The Lord's New Covenant with you, therefore, is based in a mutually intimate relationship, a sacred agreement between you and your God. Your simple, yet powerful, remembrance of it is given in the Holy Supper, which if done ritualistically only will not save you at all. Jesus instituted it as a reminder of how fully you must bring your whole heart, will, and mind to this covenant, recognizing where all love and truth comes from. The Lord's wisdom in this sacred reminder is marvelously blunt-his love and truth were woven into every facet of his own earthly life and the choices he made. God brought his love and truth into life's messiest and hardest circumstances shown in the life of Jesus. Far from a "pie in the sky" kind of calling, the Lord requires us, too, to let his love and wisdom flow into the trenches of everyday living, everyday struggling, and everyday hurting.
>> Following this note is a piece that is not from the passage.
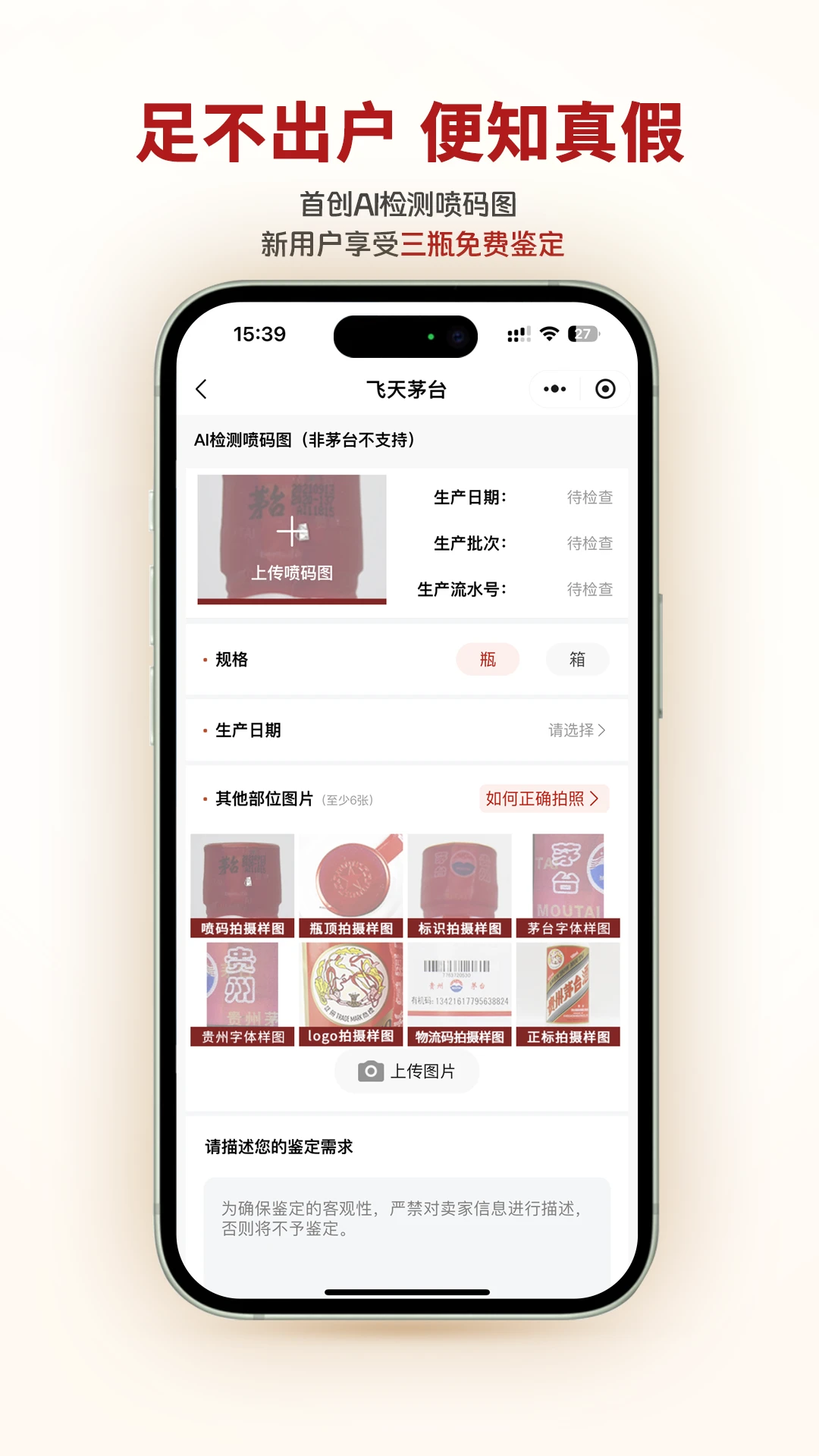 真假鉴定:结合50万+真酒图库,提供专业的真假鉴定服务,确保茅台的真实性。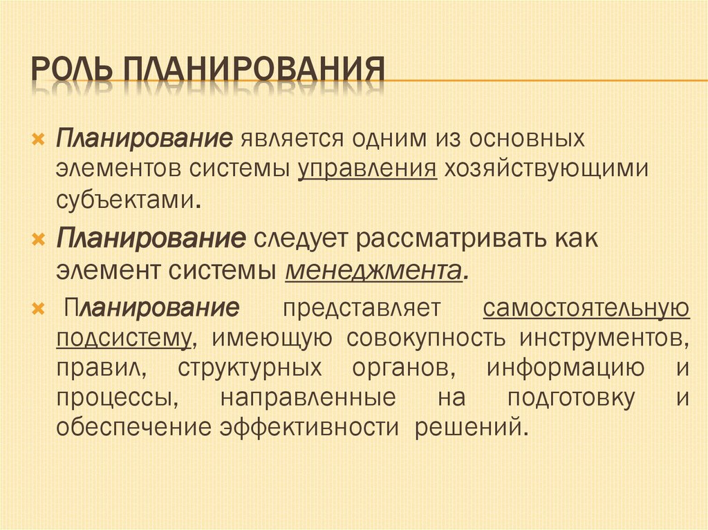 2. Роль планирования

Now we know, because of the life of Jesus Christ, how intimately and abundantly that love and truth can be woven into life that is easy, fun and joyous, such as a wedding like the one in Cana that the Lord attended. And also how pragmatically yet mystically God's love and truth must be sewed into our depths of agony and pain as when Jesus was praying in the Garden of Gethsemane "…and his sweat fell to the ground like great drops of blood." (Luke 22:44); I'm reminded so poignantly of his pivotal moment there when he prayed, "Father…let your will be done, mot mine."
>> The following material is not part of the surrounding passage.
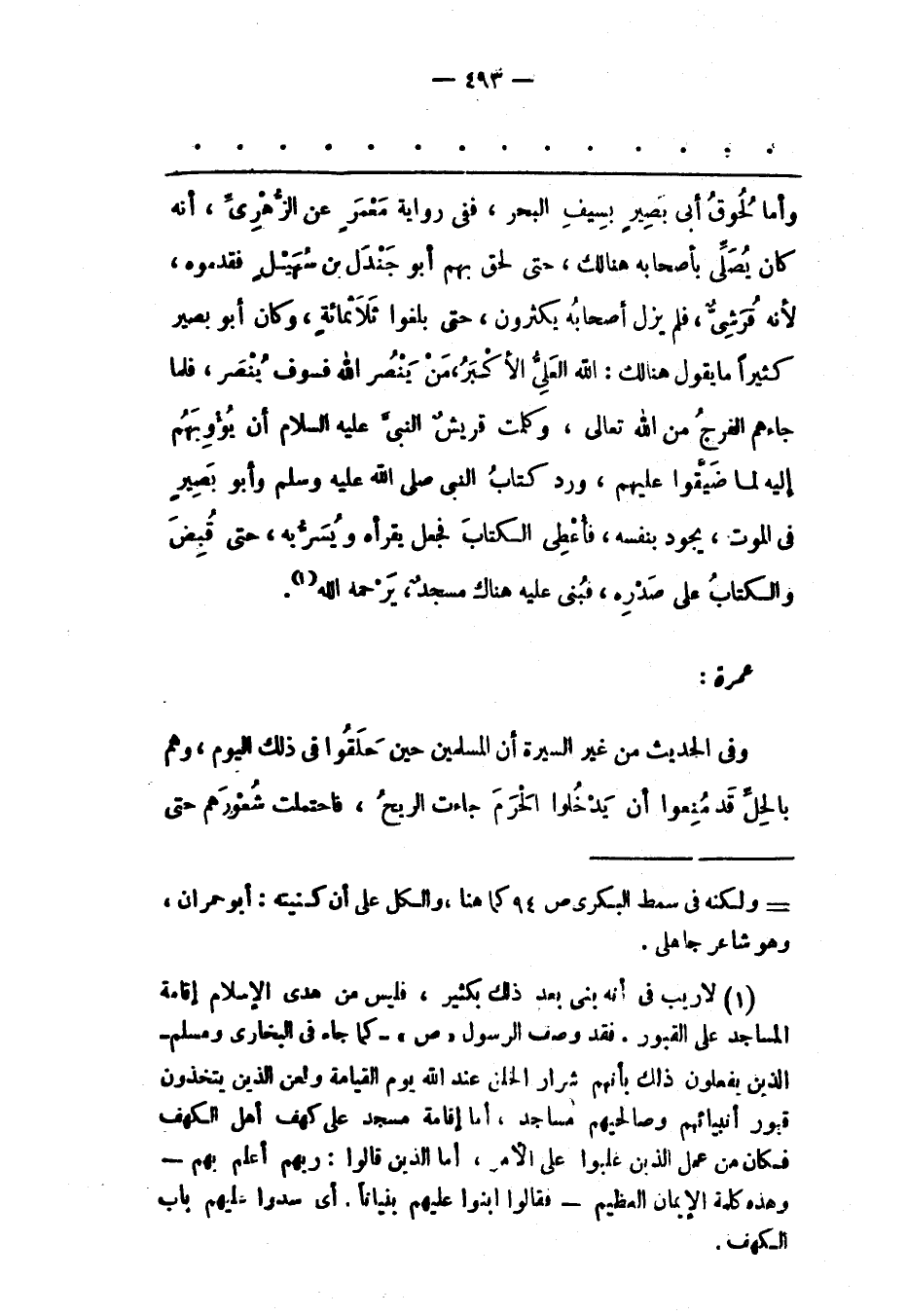 وَأَمّا لُحُوقُ أَبِي بَصِيرٍ بِسَيْفِ الْبَحْرِ، فَفِي رِوَايَةِ مَعْمَرٍ عَنْ الزّهْرِيّ، أَنّهُ كَانَ يُصَلّي بِأَصْحَابِهِ هُنَالِكَ، حَتّى لَحِقَ بِهِمْ أَبُو جَنْدَلِ بْنُ سُهَيْلٍ فَقَدّمُوهُ، لِأَنّهُ قُرَشِيّ، فَلَمْ يَزَلْ أَصْحَابُهُ يَكْثُرُونَ، حَتّى بَلَغُوا ثَلَاثَمِائَةٍ، وَكَانَ أَبُو بَصِيرٍ كَثِيرًا مَا يَقُولُ هُنَالِكَ: اللهُ الْعَلِيّ الْأَكْبَرُ، مَنْ يَنْصُرُ اللهَ فَسَوْفَ يُنْصَرْ، فَلَمّا جَاءَهُمْ الْفَرَجُ مِنْ اللهِ تَعَالَى، وَكَلّمَتْ قُرَيْشٌ النبىّ عليه السلام أَنْ يُؤْرِبَهُمْ إلَيْهِ لَمّا ضَيّقُوا عَلَيْهِمْ، وَرَدَ كِتَابُ النّبِيّ صَلَّى اللَّهُ عَلَيْهِ وَسَلَّمَ وَأَبُو بَصِيرٍ فِي الْمَوْتِ، يَجُودُ بِنَفْسِهِ، فَأُعْطِي الْكِتَابَ فجعل يقرأه ويسرّبه، حَتّى قُبِضَ وَالْكِتَابُ عَلَى صَدْرِهِ، فَبُنِيَ عَلَيْهِ هُنَاكَ مَسْجِدٌ، يَرْحَمُهُ اللهُ «1» .

By coming deeply and ardently to the New Covenant Christ offers, having the will to walk forward, ever forward every day, we are assured…so solidly assured…that God will always be true to his side of the bargain. As Paul wrote so passionately in Romans 8 (selections):

What then shall we say to these things? If God is for us, who can be against us? Who shall separate us from the love of Christ? Shall tribulation, or distress, or persecution, or famine, or nakedness, or peril, or sword? Yet in all these things we are conquerors through Him who loved us. For I am persuaded that neither death nor life, nor angels nor principalities nor powers, nor things present nor things to come…shall be able to separate us from the love of God which is in Christ Jesus our Lord.

Now, you see, it's up to you and me to make certain that we make the Lord's Divine love the central feature and purpose of life. This Covenant is given in the Lord's Divine blood, which we know is his truth. No wonder the Bible calls us to read and meditate on God's Word every day. God bless you in keeping your covenant strong and faithful in these trying times on earth. Amen.